Technology is changing almost every facet of warehouse operations. Gantar noted that technologies such as augmented reality could facilitate remote decision-making, bringing another set of managerial "eyes" informed by data analytics into a warehouse as that manager sits thousands of miles away. Companies should also be looking at artificial intelligence, Ta added: "AI-powered machine vision inspections, such as those used by Amazon and DHL, could help reduce error rates and unload a trailer in only 30 minutes, compared to hours without the system."

With all the new technological bells and whistles, having the right manpower combined with a well-designed process is increasingly important. "You need to have the people who understand the technology and see the big picture, and have processes established to deal with the information you receive," Gantar said. "If predictive analytics tells me we'll have a shortage next week, we will need the individual who knows what to do with that information in order to make proper supply chain decisions."

A shift in the international outlook

Asia's manufacturing infrastructure has grown into far more than cheaper labor, as China has grown from a source of value-priced goods to a powerhouse in manufacturing and design intelligence. Yet the massive disruption of the pandemic raises the question of diversification with a new level of urgency. Nations like China that never had to face instability didn't fare well in handling pandemic-related interruptions, whereas those accustomed to facing instability were less impacted, said Andrea Patrucco, an assistant professor of marketing and logistics. One example: the automobile industry.

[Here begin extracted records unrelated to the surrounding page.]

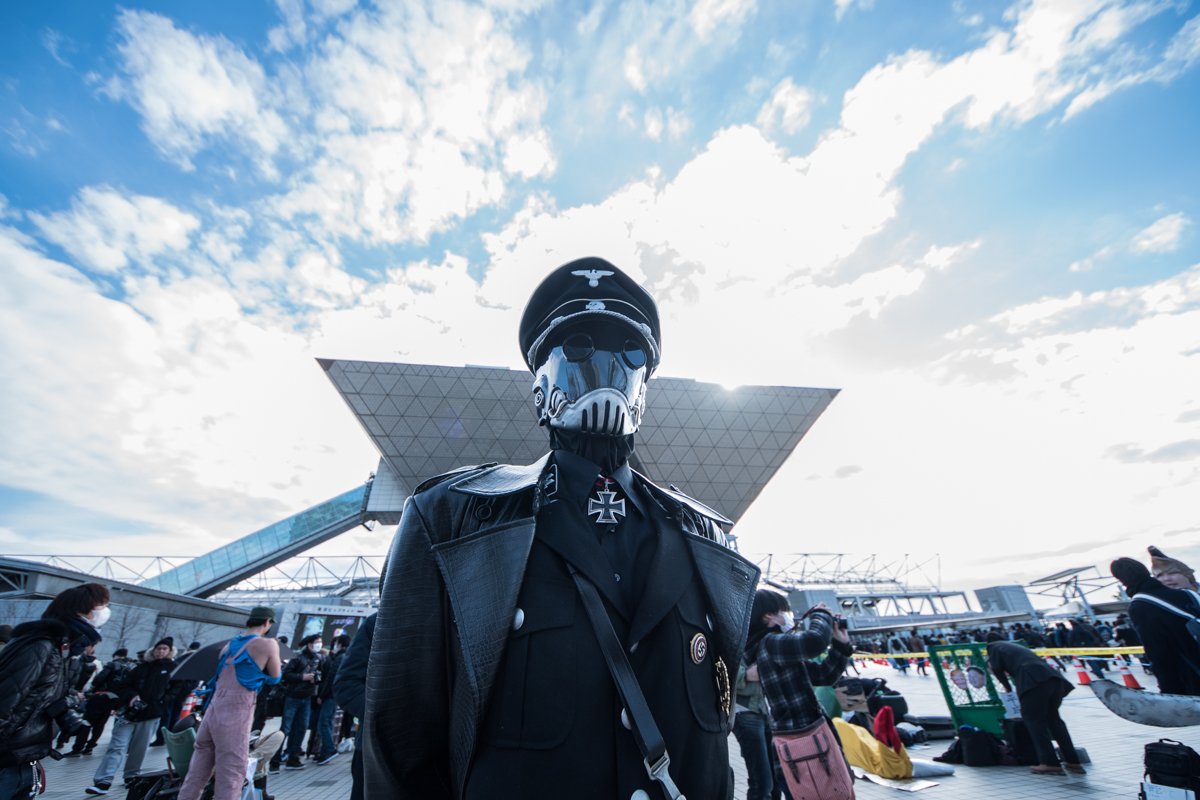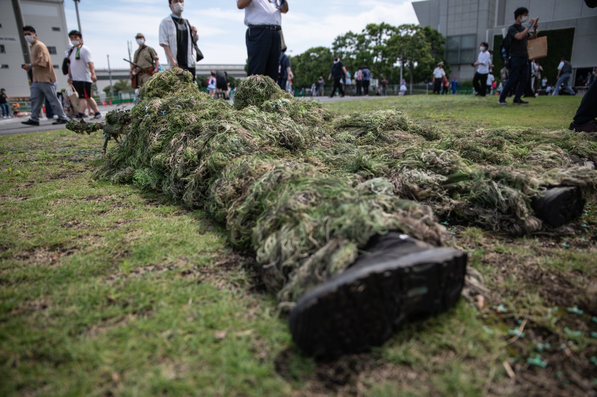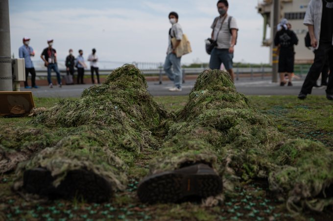 19 41 コミックマーケット100 二日目 コミケ名物現地迷彩のおふたり 今回は防災公園じゃないからギリースーツに東館外に合わせた樹脂パーツが追加されてるのが素敵 #C100 #C100コスプレ 22/08/14 18:04
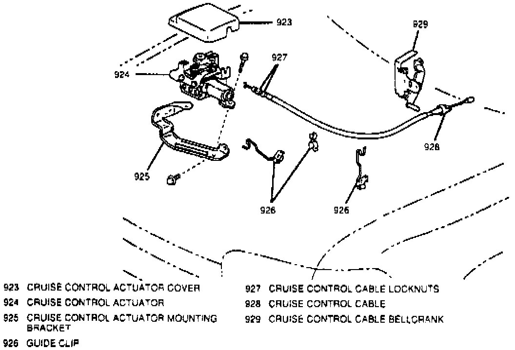 4. Remove cable from cruise control bellcrank above accelerator pedal, Fig. 27 .
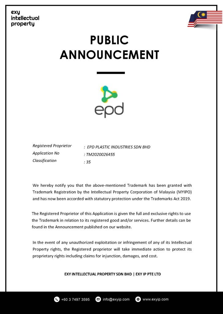 Registered Proprietor : Epd Plastic Industries Sdn Bhd
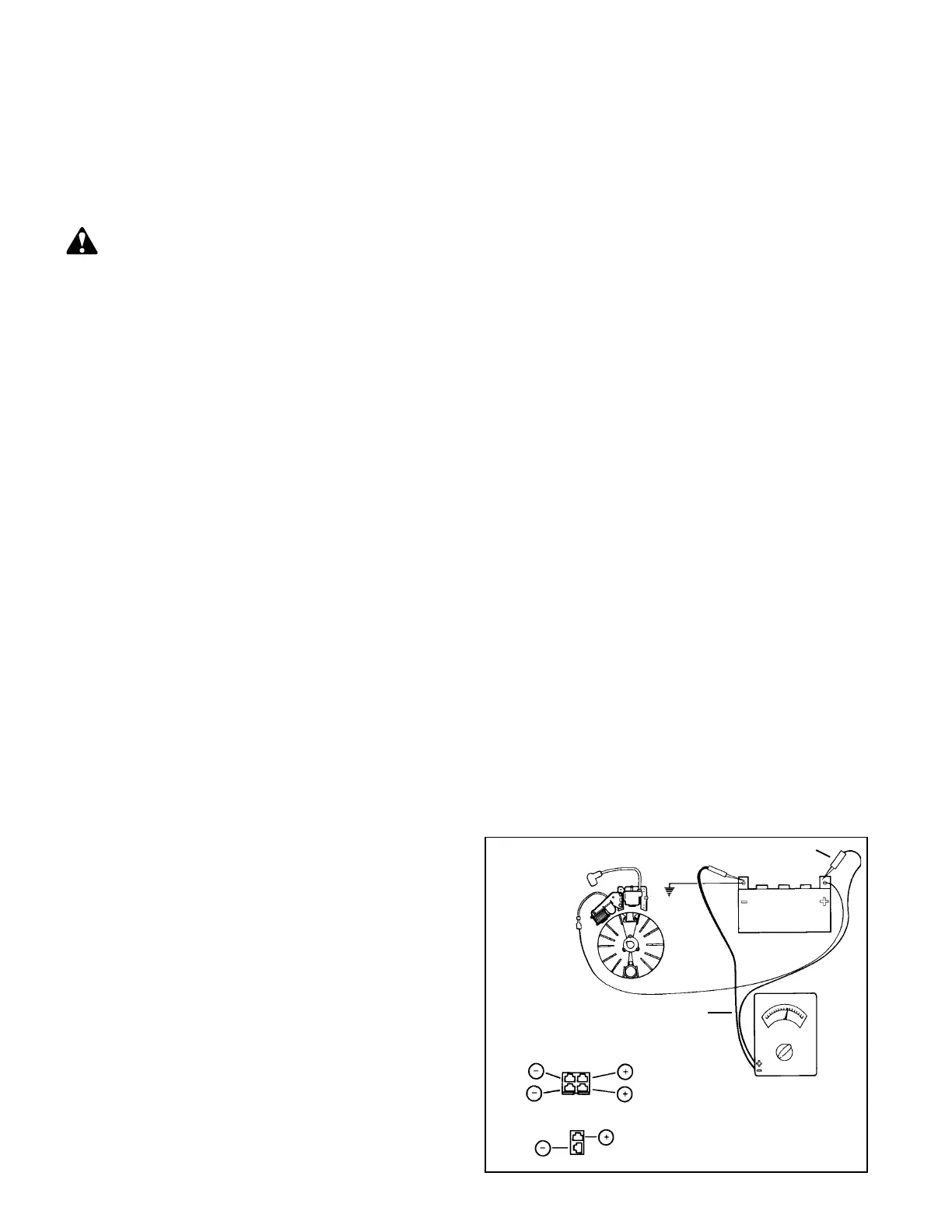 Tecumseh dealer or a parts manual to identify the charging system. To make many of the tests it is necessary to run the

"WE NEED TO THINK OF INVENTORY AS 'JUST IN CASE' AS WELL AS 'JUST IN TIME.'"

Ivan Gantar

"China provided inventory to the U.S. efficiently, quickly and at a reasonable cost," Patrucco said. But with the pandemic came delays, a fall of "last-minute" production – and prioritization of China's own local supply chains over those of the U.S.

Will China's role change? Will technology, geopolitics and the rise of other manufacturing sources bring new supply chain routes to the forefront? Much is still unknown, but this is clear: logistics, the business that once ran quietly behind the scenes, is emerging from pandemic times with new challenges, and a world of new options.